「そなたに怪我はないのか…?」

「はい。どこも悪くございませんがゆえ安心してくださいませ」


サニーと陛下の付き添いの側近兵士ぐらいしか、この場にいないというのに、


まるで演技のようなセリフ。


まさか陛下から心配して貰えるなんて思っていなかったから、少し戸惑っちゃう。


………そういえばあの兵士はどうなったのだろうか。


やはり死刑になってしまうのだろうか。


「………陛下」

「どうした?」
 
これも全て私がここへ来たばかりに、悲劇を生んでしまった。


「どうかあの兵士には酷い罰を与えないでください……」


「そなたはそなた自身の命をも狙い、部下を瀕死の状態にされても尚、あの者を許すというのか?」


「いえ、そうではありません。
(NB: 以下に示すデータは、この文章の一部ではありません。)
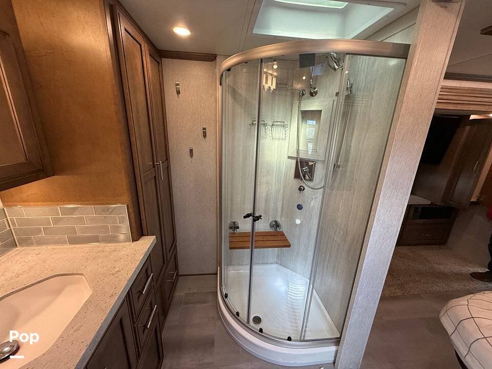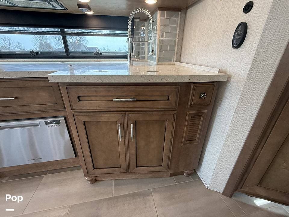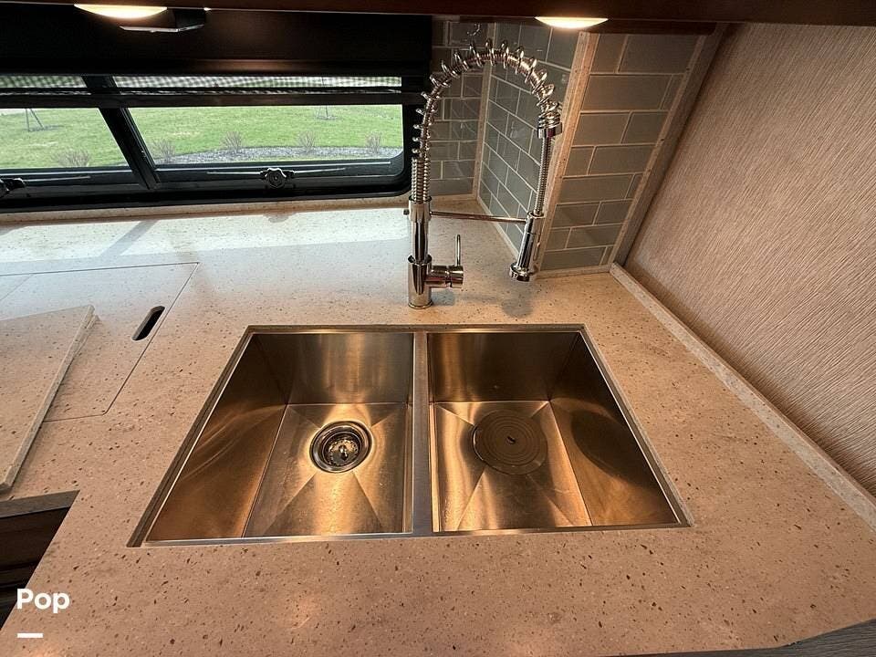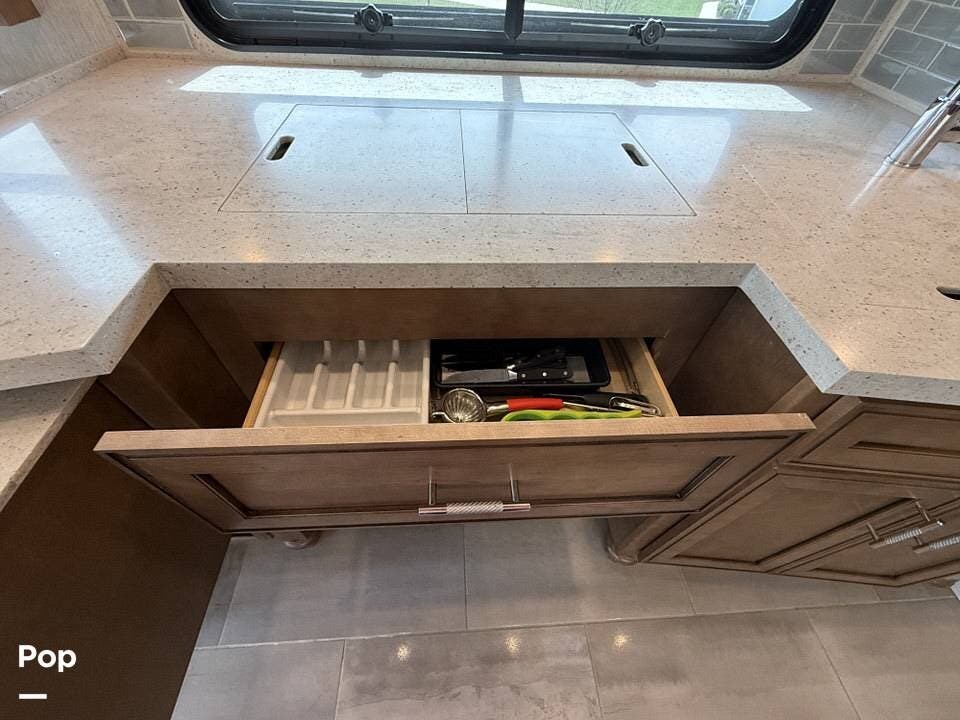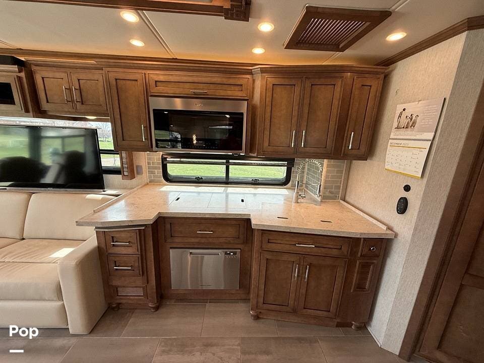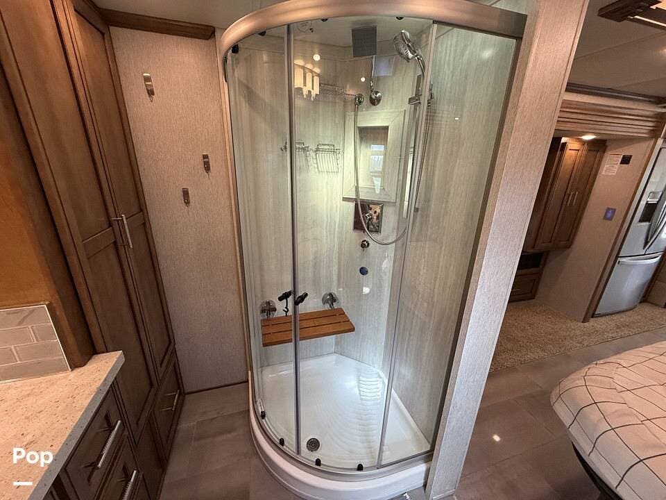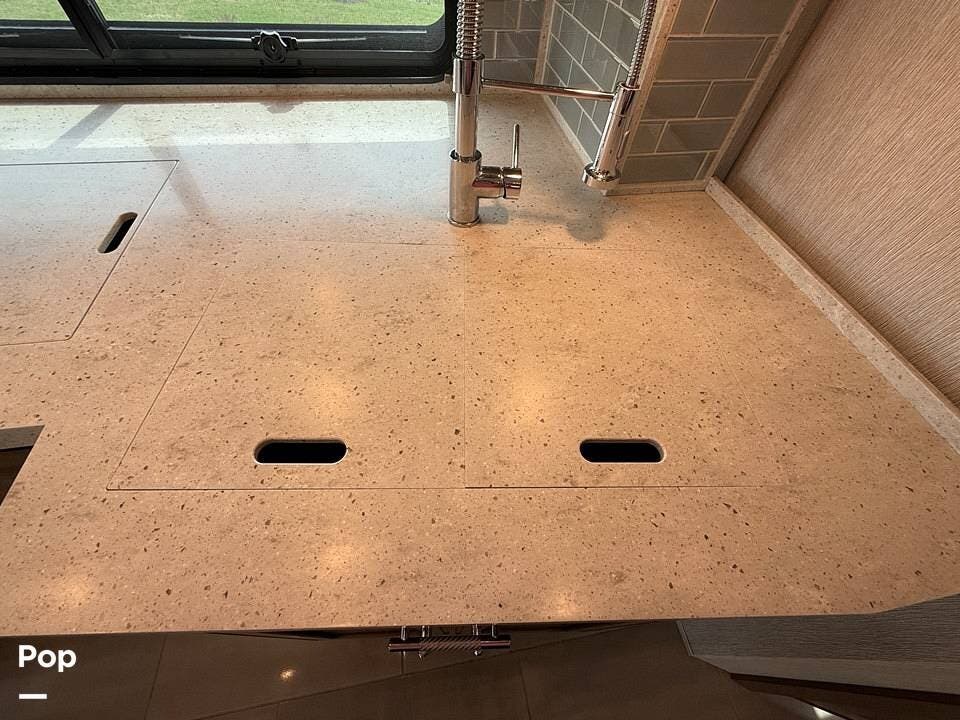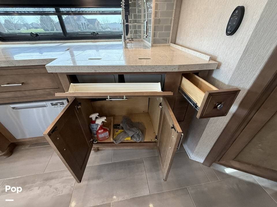 This coach also boasts a towing system, multiple camera systems, driver monitors, a tag axle for a reduced turning radius, and numerous luxurious features for the ultimate travel experience.
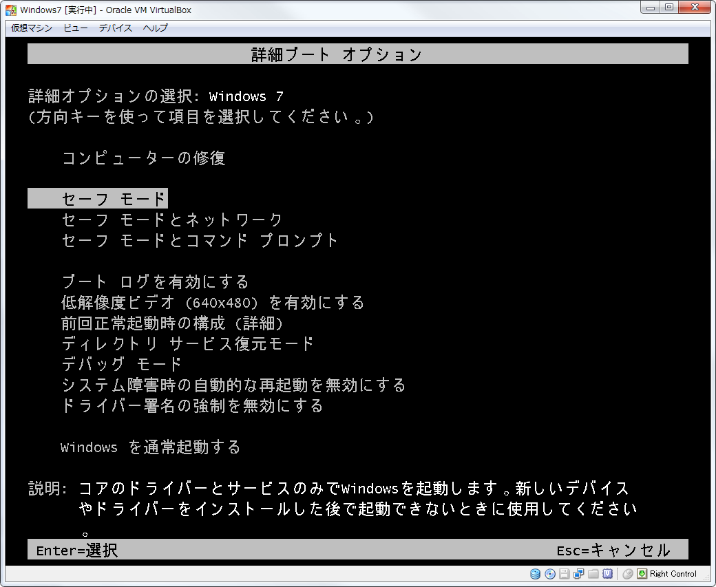 - [↑][↓]キーを押してセーフモードを選択し、[Enter]キーを押して起動します。
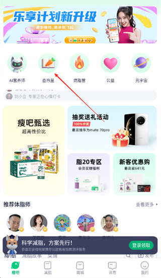 2、切換至瘦吧板塊,點(diǎn)擊查熱量等功能入口,借助AI營(yíng)養(yǎng)師分析飲食,參與抽獎(jiǎng)送禮等活動(dòng),挑選瘦吧甄選商品,還能根據(jù)推薦體脂師,定制專(zhuān)屬減脂規(guī)劃。
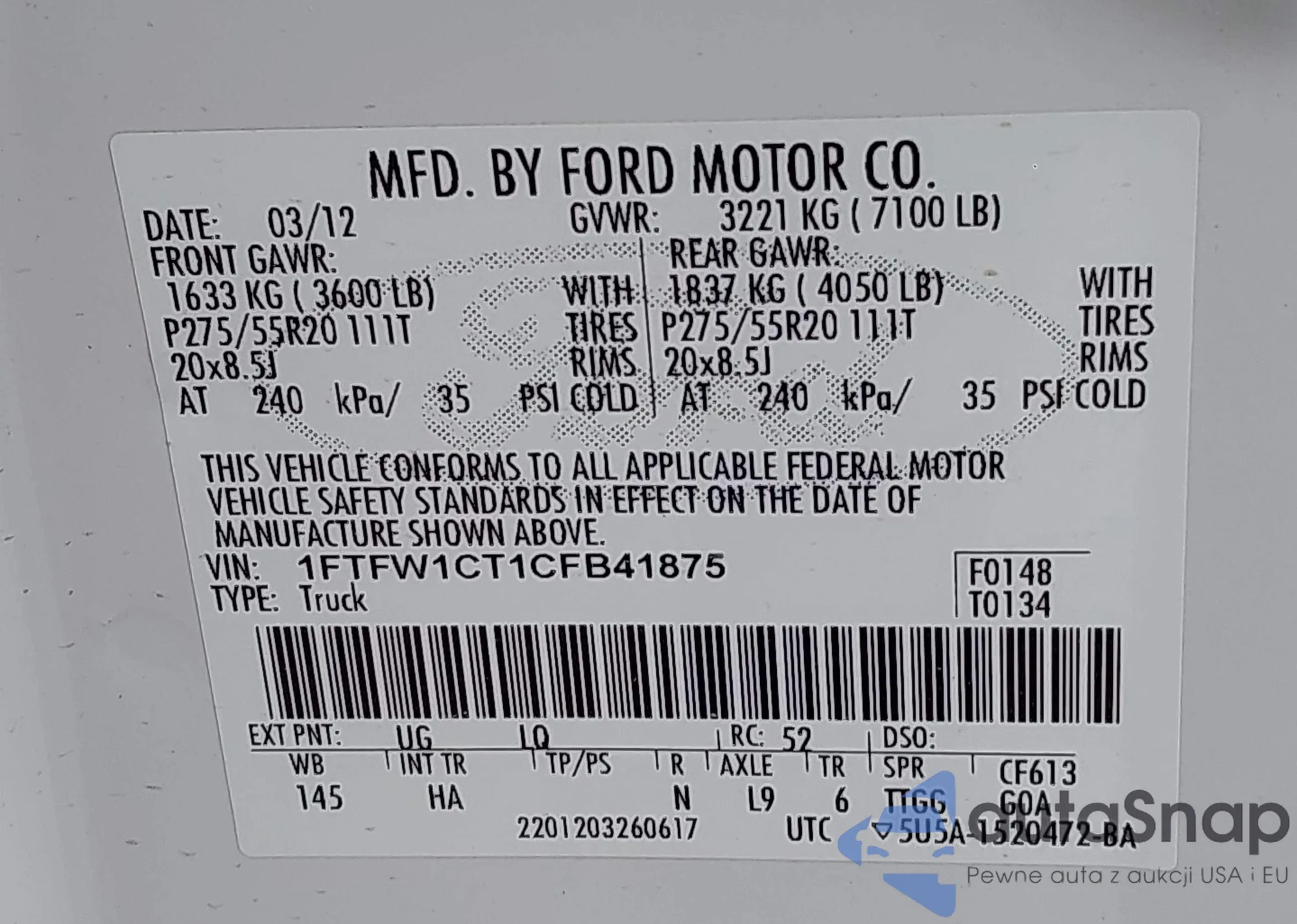 VIN: 1FTFW1CT1CFB41875
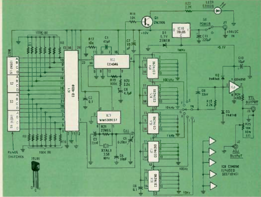 This synthesized generator circuit was found in an article in October 1980 Radio Electronics magazine. The article taught how to assemble it. The circuit generates signals from 1/100 Hz to 1 MHz.
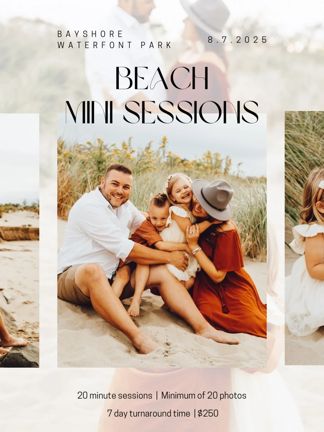 View fullsize ✨ Due to popular demand - TWO NEW BEACH MINI SESSION DATES ADDED! ✨ Don’t miss your chance to capture your family in the magic of golden hour — warm sunsets, salty breeze, and smiles all around. πŸ“Έβœ¨
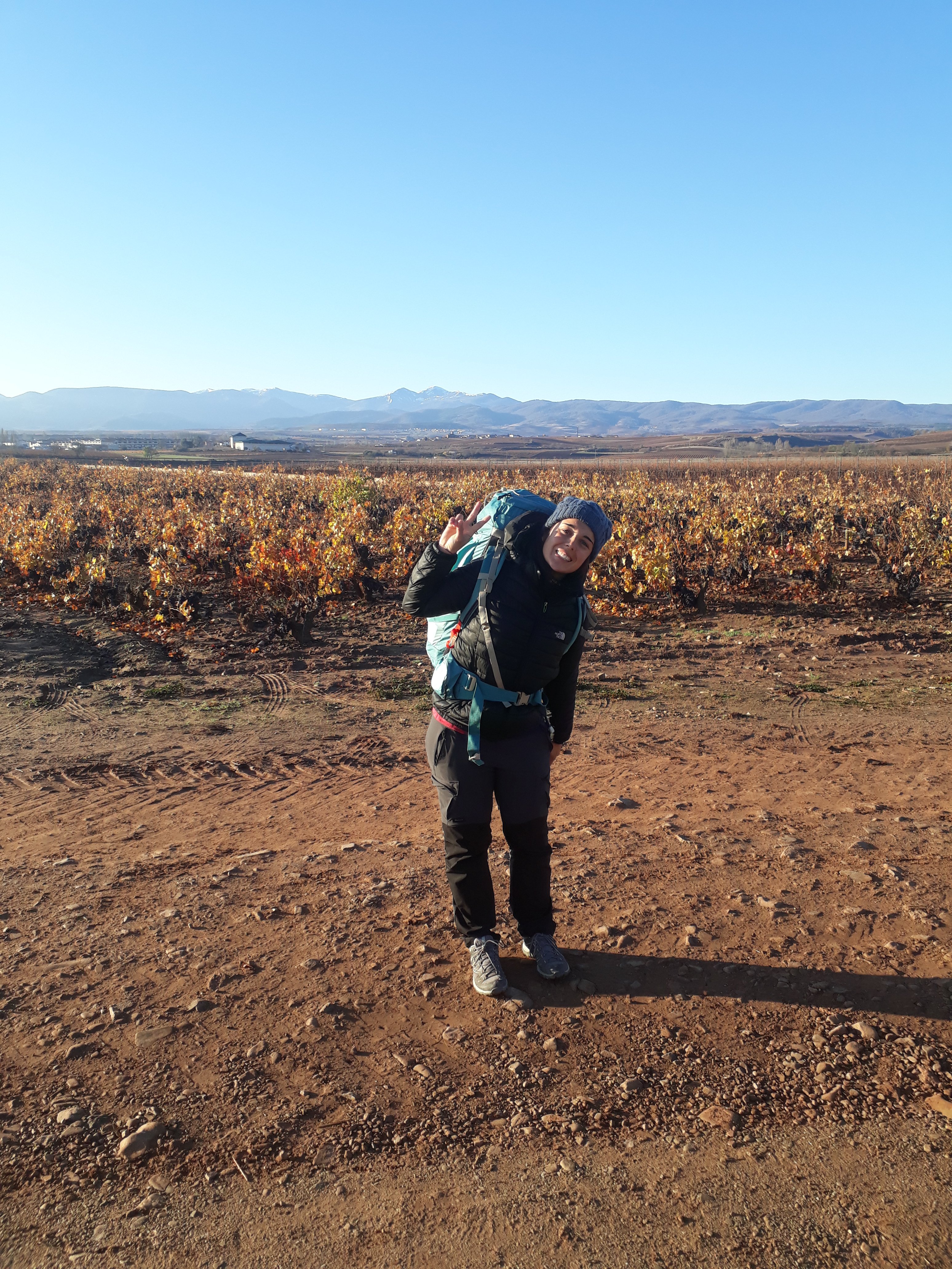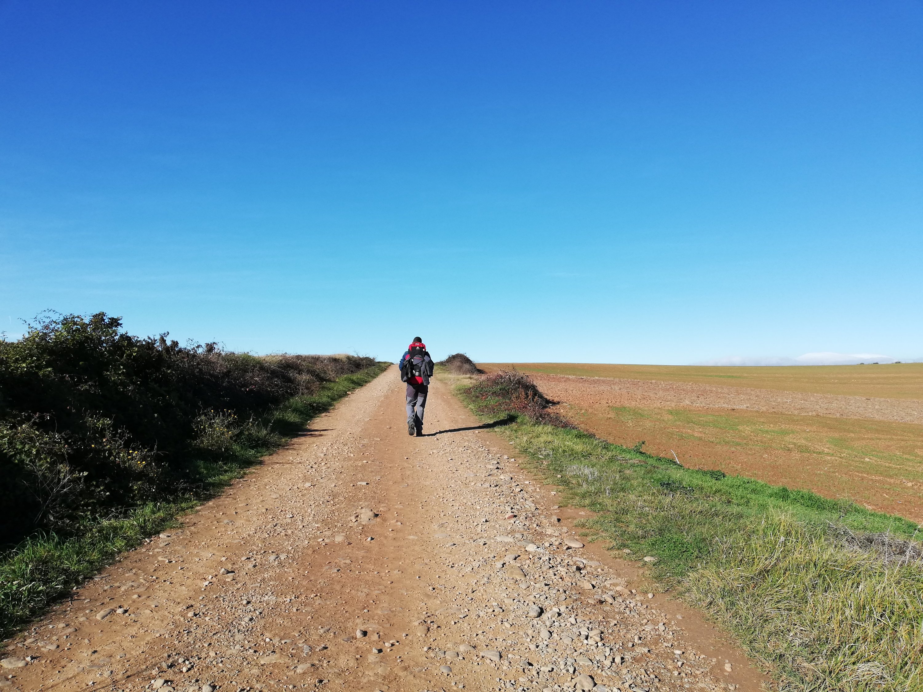 Aún es de noche, el frío todavía está presente y no hay ningún bar abierto cerca para desayunar. No tenemos otra alternativa que caminar hasta el primer pueblo, a unos 6 kilómetros de Najera.
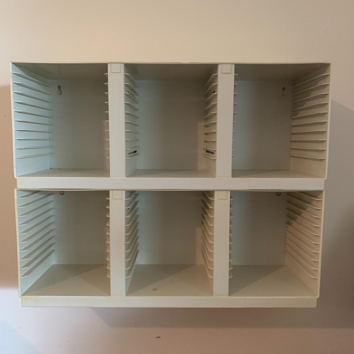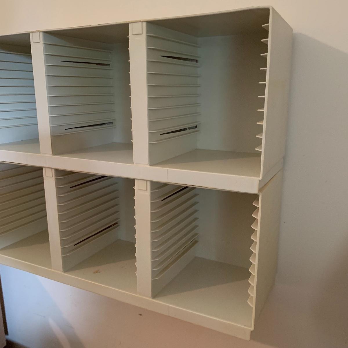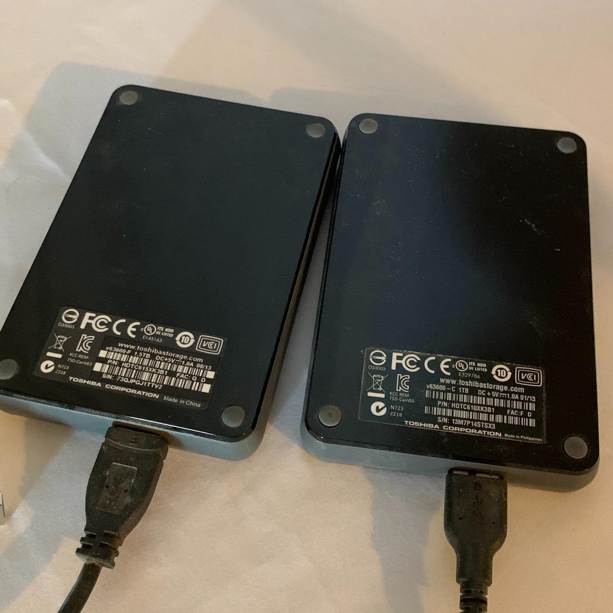This lot includes storage items, both digital external hard drives and physical storage of CD/DVD jewel cases. There are five external hard drives. All come with cords and power on when plugged in. There are two small Toshiba external hard drives. Model v63600-C has storage capacity of 1 TB and the model v63600-F has 1.5 TB. These both come with only a USB cord. There is a WD external hard drive that is model WD6000H1U-00. It has a power cord and USB cord. Storage capacity is not specified. The next external hard drive is a Seagate 9BD862-560. It comes with a power cord and USB cord and also does not have storage capacity specified. The final external hard drive included is a LaCie N2870. It has a power cord and USB cord and the storage capacity is not specified. The two jewel case storage units easily mount on the wall. They each hold about 30 jewel cases and they each measure 17.5” x 5.5” x 7”. Shipping available.
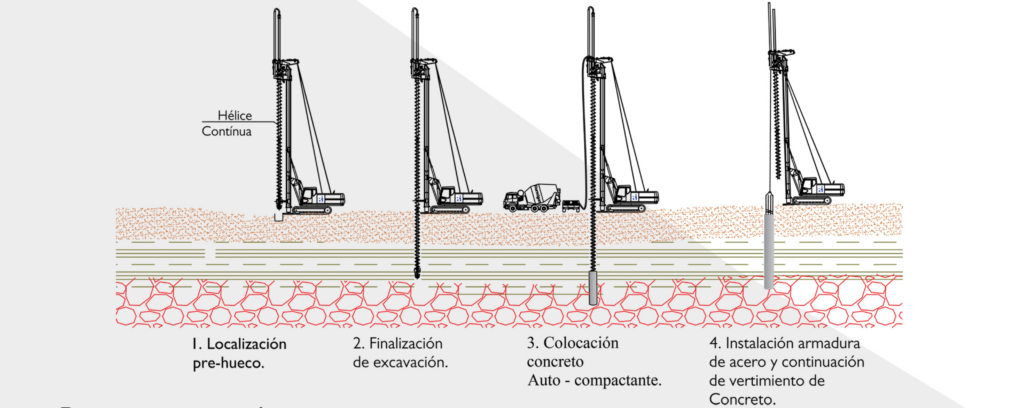 Es un sistema de pilotes fundidos in situ en la que se realiza de manera simultánea la perforación del suelo mediante un barreno sinfín, y el hormigonado ocurre por el interior de dicho tubo por un ducto central.
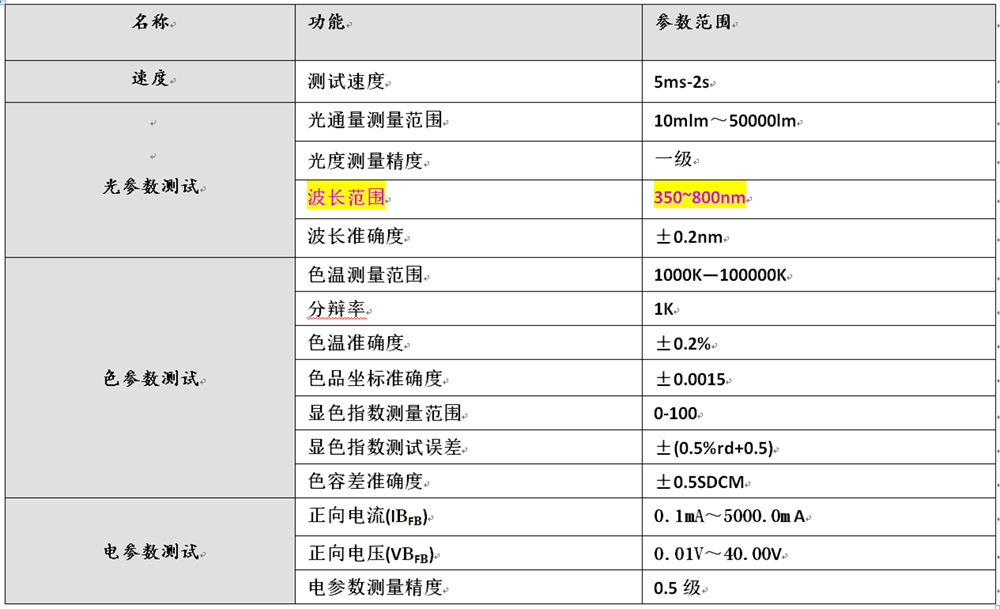测试相对光谱功率分布,色品坐标,主波长,色纯度,峰值波长,色温,显色指数,半宽度,光通量(配积分球),辐射功率,红色比,色容差等参数,满足国际照明委员会CIE对光和颜色测量要求。
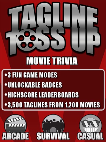 Tagline Toss Up is a movie trivia game that challenges you to guess the correct movie from its movie tagline.

リリアンを切ったあの者は正直とても憎いです。……………ですが、これも全て私のせいなのかもしれません」


メイドの分際で終われば良かったものの、嘘をつき続け本当の事も陛下に言えぬまま、妃になった。


この地位にいれば殺される事はまず考えにくいとまで、思った。


だけど実際にはどこぞの者が分からない私に反対した者が、こうして剣を取り、大切なものを傷つけることとなった。


仮に力を表で出さなくとも、


宮殿の悲劇とはこうして女により引き起こされるのだと感じた。


だから兵士以上に私を許さないでほしい。



この自体の原因となった私を、


兵士以上に…………………。



「与えるなら私に罰を…………………」


続きを言いかけて、私は長い眠りに落ちた。